Apabila jumlah yang meriwayatkan demikian banyak yang secara mudah dapat diketahui bahwa sekian banyak perawi itu tidak mungkin bersepakat untuk berdusta, maka penyampaian itu adalah secara mutawatir.
b. Syarat-Syarat Hadits MutawatirSuatu hadits dapat dikatakan mutawatir apabila telah memenuhi persyaratan sebagai berikut :
   1. Hadits (khabar) yang diberitakan oleh rawi-rawi tersebut harus berdasarkan tanggapan (daya tangkap) pancaindera. Artinya bahwa berita yang disampaikan itu benar-benar merupakan hasil pemikiran semata atau rangkuman dari peristiwa-peristiwa yang lain dan yang semacamnya, dalam arti tidak merupakan hasil tanggapan pancaindera (tidak didengar atau dilihat) sendiri oleh pemberitanya, maka tidak dapat disebut hadits mutawatir walaupun rawi yang memberikan itu mencapai jumlah yang banyak.
   2. Bilangan para perawi mencapai suatu jumlah yang menurut adat mustahil mereka untuk berdusta.

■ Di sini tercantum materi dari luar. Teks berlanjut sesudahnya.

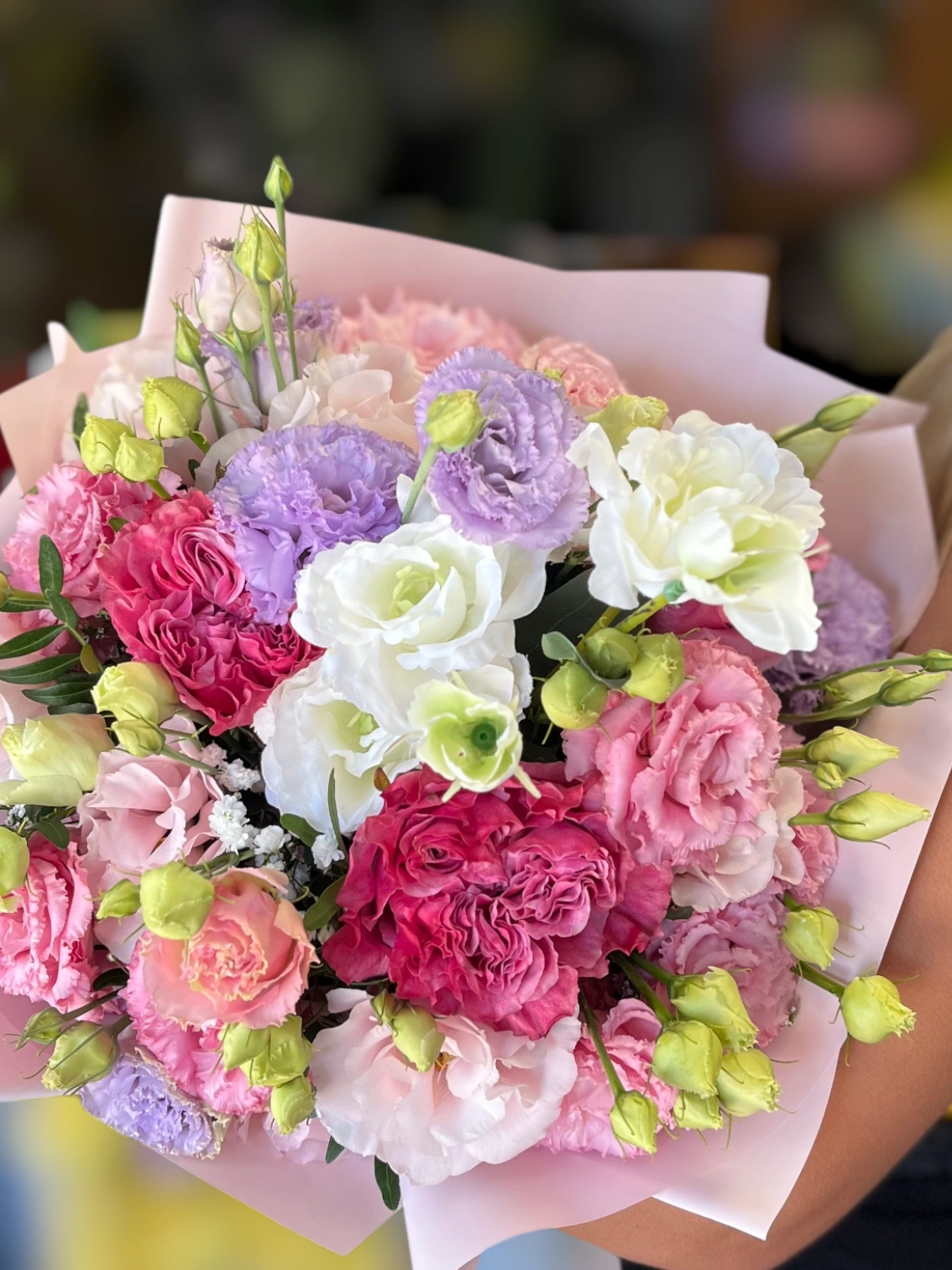 Ez a csokor a pasztell színek nyugalmát és a gazdag virágfelületet ötvözi. A rózsaszín, fehér és halvány lila virágok egymás mellett puha, telt összképet adnak, amit a friss bimbók és apró kiegészítők tesznek még élőbbé.

Dalam hal ini para ulama berbeda pendapat tentang batasan jumlah untuk tidak memungkinkan bersepakat dusta.
a. Abu Thayib menentukan sekurang-kurangnya 4 orang. Hal tersebut diqiyaskan dengan jumlah saksi yang diperlukan oleh hakim.
b. Ashabus Syafi’i menentukan minimal 5 orang. Hal tersebut diqiyaskan dengan jumlah para Nabi yang mendapatkan gelar Ulul Azmi.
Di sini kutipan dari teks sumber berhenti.